■ **Data records**:
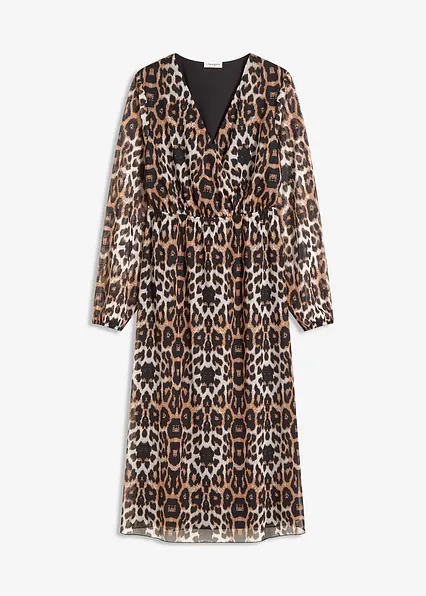 modisch bedrucktes Midikleid aus softem Mesh mit etwas weiter geschnittenen Ärmeln
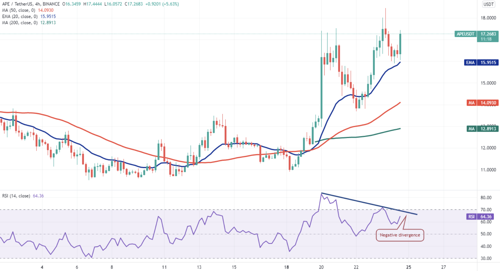 Появилась 20-дневная EMA (13,67$), и RSI находится в положительной зоне, что указывает на то, что быки находятся в действии. Существует незначительное сопротивление на уровне 18,44$, от которого APE/USDT откатилась 23 апреля. Цена поднялась с текущего уровня как мы видим, быки толкают пару выше 18,44 долларов. Пока добиваются успеха, пара может подняться до 20$, а затем до 24$.
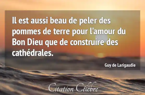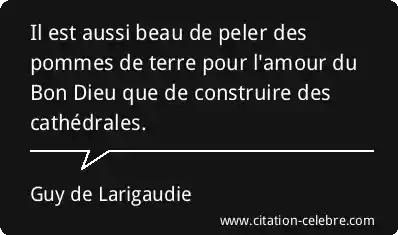 Il est aussi beau de peler des pommes de terre pour l'amour du Bon Dieu que de construire des cathédrales.
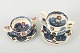 Tre bouillonkopper med tilhørende underkopper, glaseret keramik hånddekoreret med polykrome blomstermotiver i blå, brun og rød glasur på lys bund.
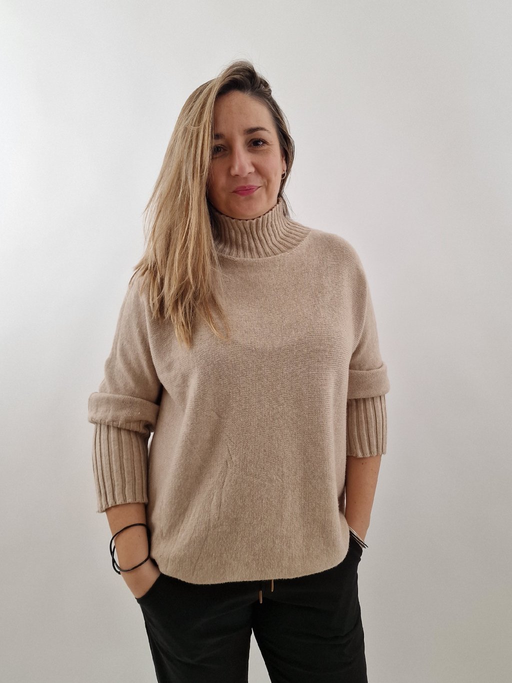 Lehký dámský rolák, který je ideální pro celoroční nošení. Příjemný materiál se skvěle přizpůsobí postavě a rolák dodává elegantní vzhled.
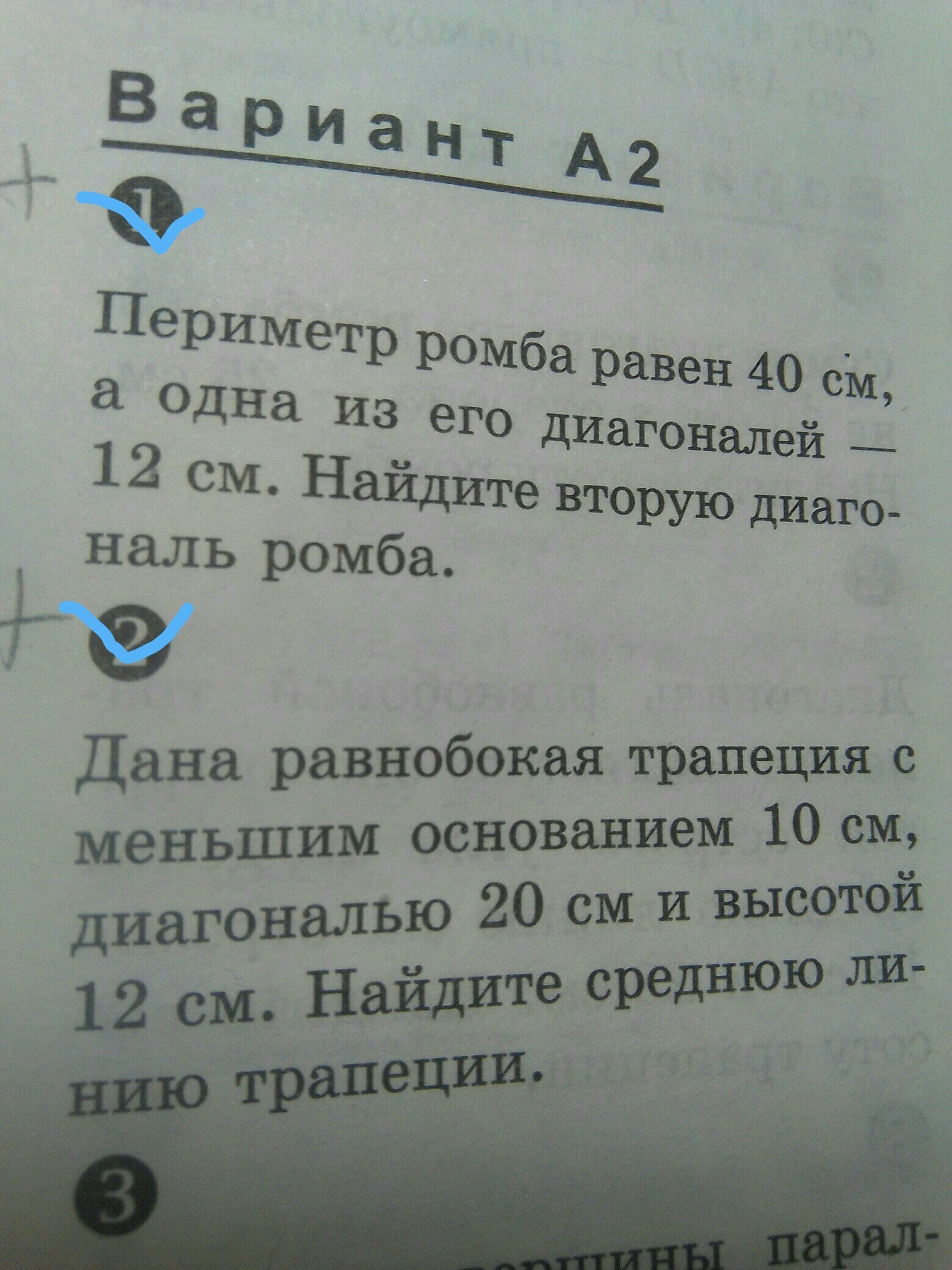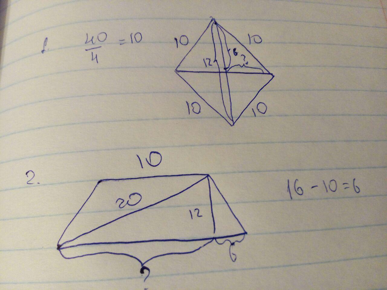 1. Т.к стороны в ромбе равны, значит 40/4=10 (каждая сторона). По теореме Пифагора найдём половину второй диагонали.
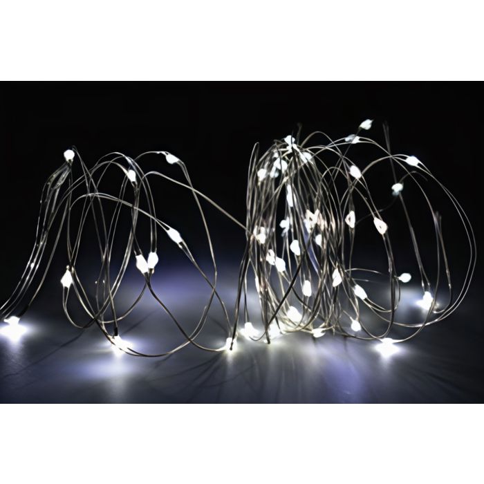 80 NANOLED BIANCO GHIACCIO LUCE FISSA A BATTERIA 3.95+0.15MT
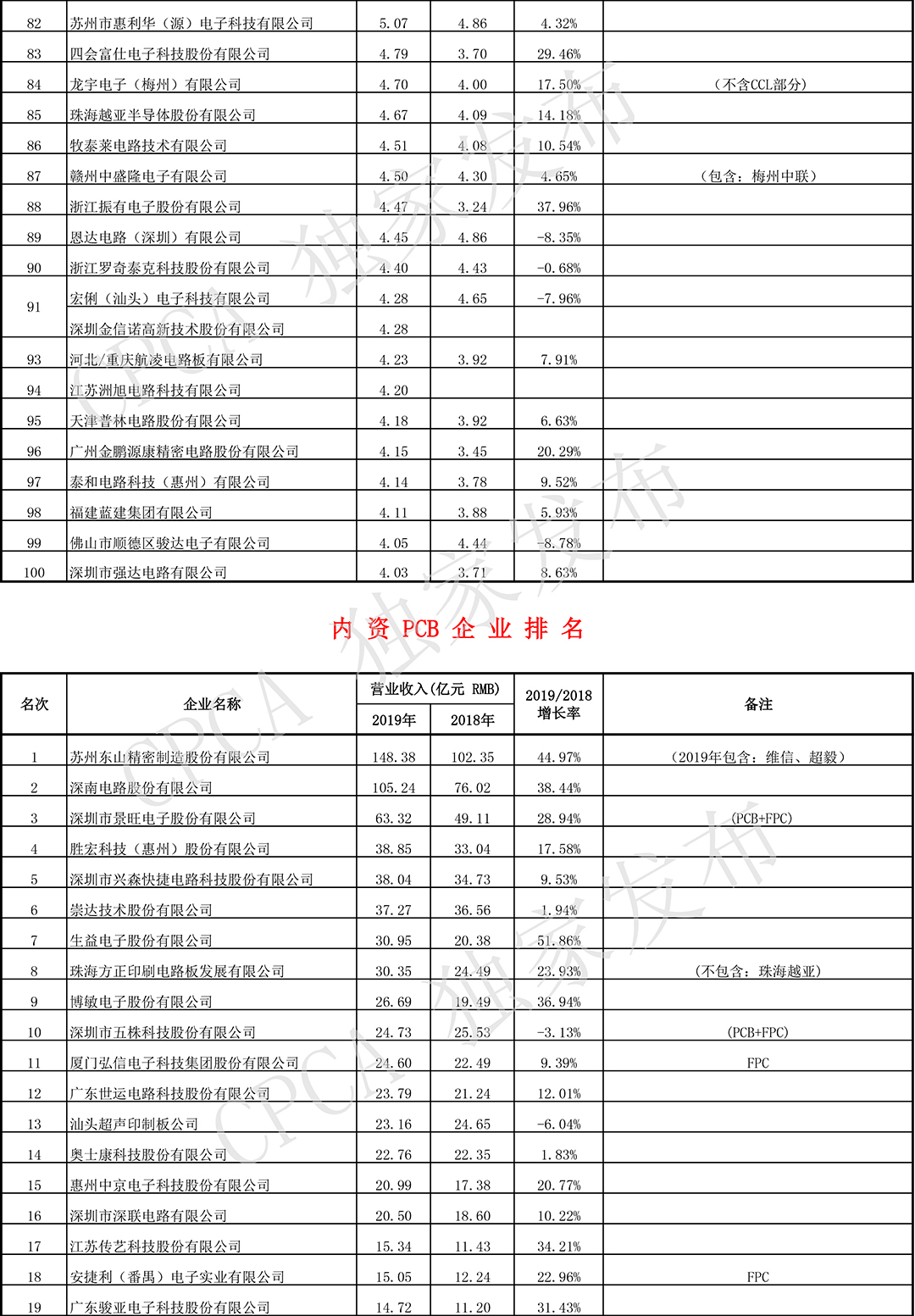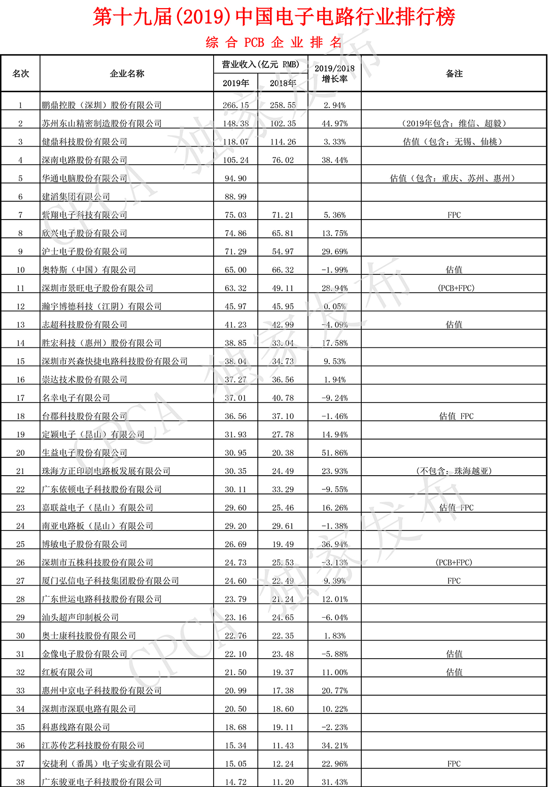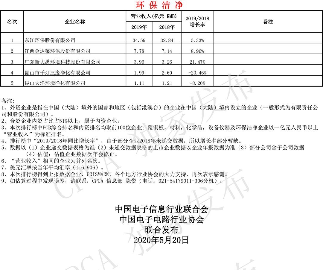 第十九届(2019)中国电子电路行业排行榜
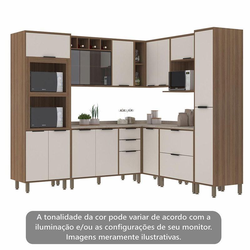 Cozinha Modulada Completa Com 8 Peças Vidro Reflecta Tampos E Paneleiro Aspen Luciane Móveis Vanilla/beige
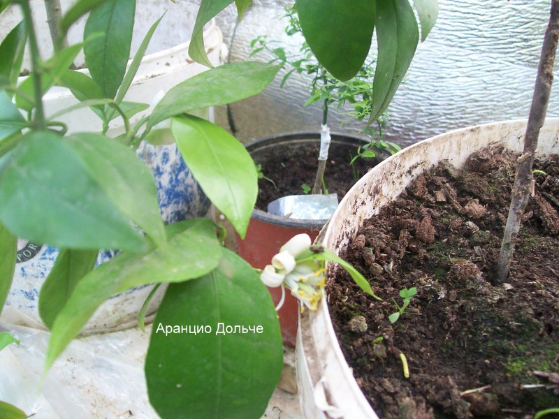 Аранцио Дольче выдал весной один плод на поникшей ветке и теперь на ней же опять цветет.Центральный стволик гонит только ботву
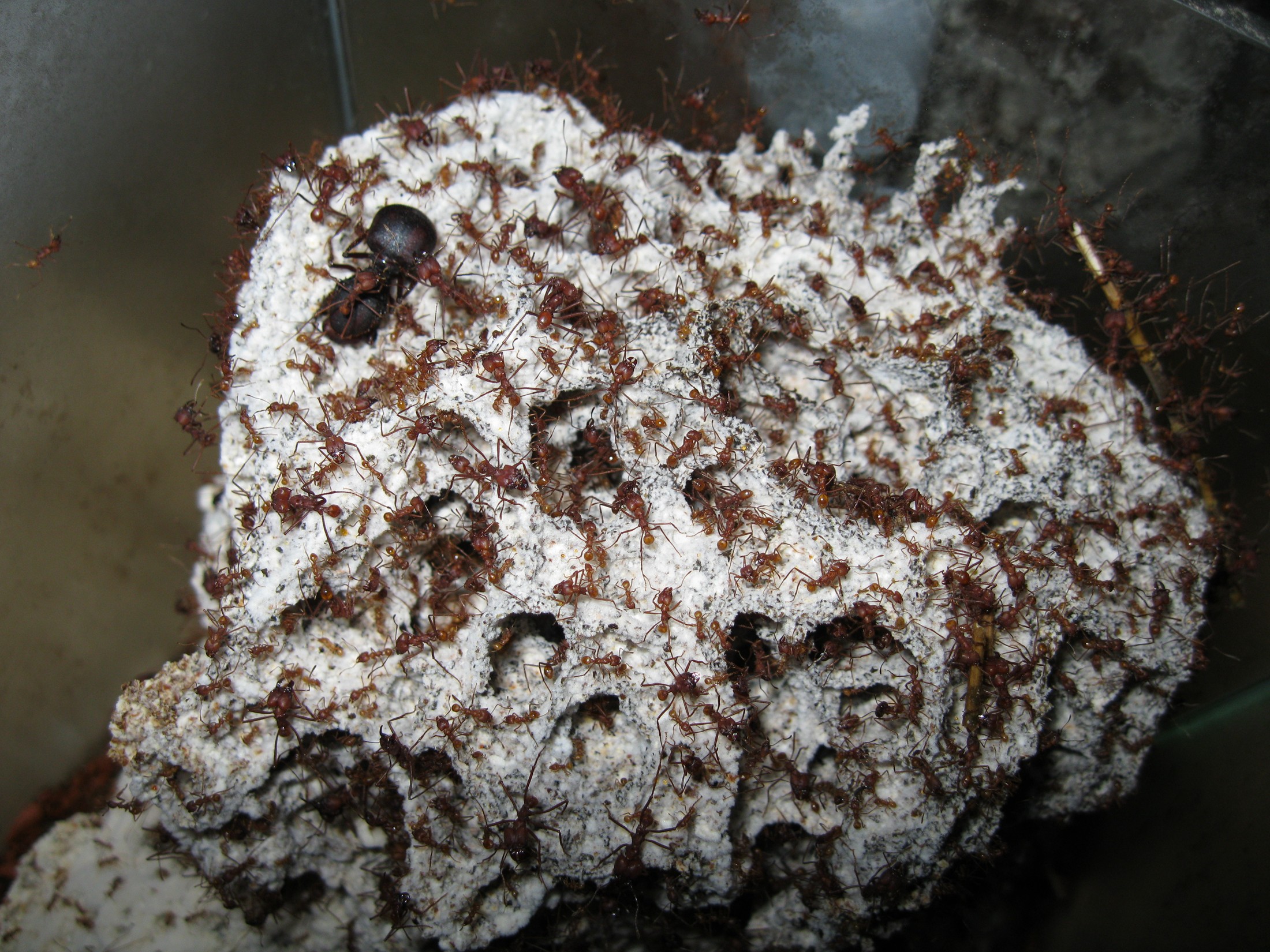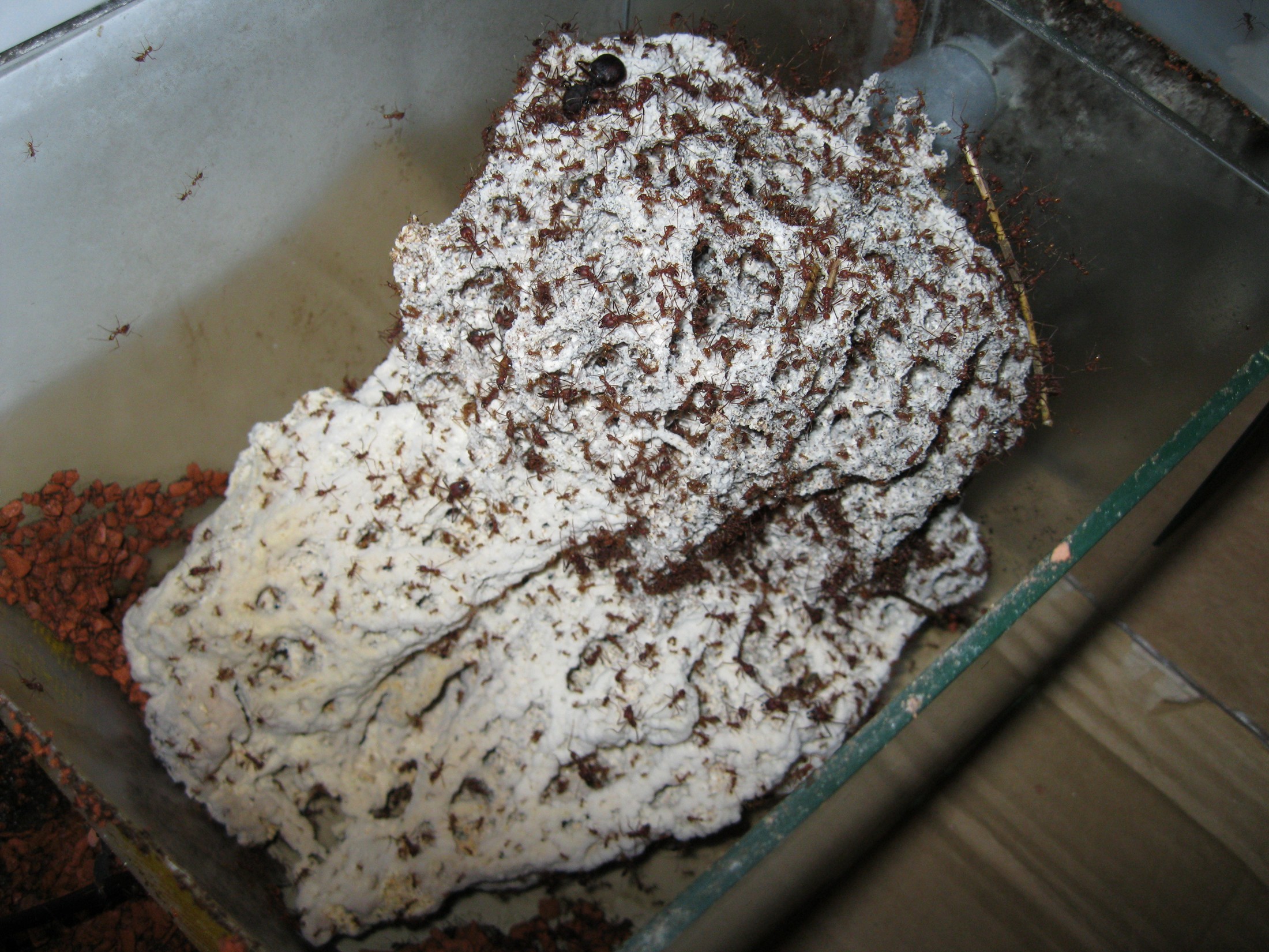 Ja! es ist mal wieder eine kleine Zeit ins Land gestrichen. Alles läuft gut und sie bauen fleißig. Ich kann oft beobachten wie die Königin sich von einen Pilzteil zum andere läuft. Ich habe jetzt auch schon etwas größere Arbeiter, die aber im Verhältnis zum Endstadium noch klein sind. Nun aber noch ein paar Bilder.

■ **Work instructions**: While leaving pictures out, reproduce exactly the lines from the beginning of the listing above through the line containing "Lehký dámský rolák, který", both ends included.

■ **Task solution**:
 modisch bedrucktes Midikleid aus softem Mesh mit etwas weiter geschnittenen Ärmeln
 Появилась 20-дневная EMA (13,67$), и RSI находится в положительной зоне, что указывает на то, что быки находятся в действии. Существует незначительное сопротивление на уровне 18,44$, от которого APE/USDT откатилась 23 апреля. Цена поднялась с текущего уровня как мы видим, быки толкают пару выше 18,44 долларов. Пока добиваются успеха, пара может подняться до 20$, а затем до 24$.
 Il est aussi beau de peler des pommes de terre pour l'amour du Bon Dieu que de construire des cathédrales.
 Tre bouillonkopper med tilhørende underkopper, glaseret keramik hånddekoreret med polykrome blomstermotiver i blå, brun og rød glasur på lys bund.
 Lehký dámský rolák, který je ideální pro celoroční nošení. Příjemný materiál se skvěle přizpůsobí postavě a rolák dodává elegantní vzhled.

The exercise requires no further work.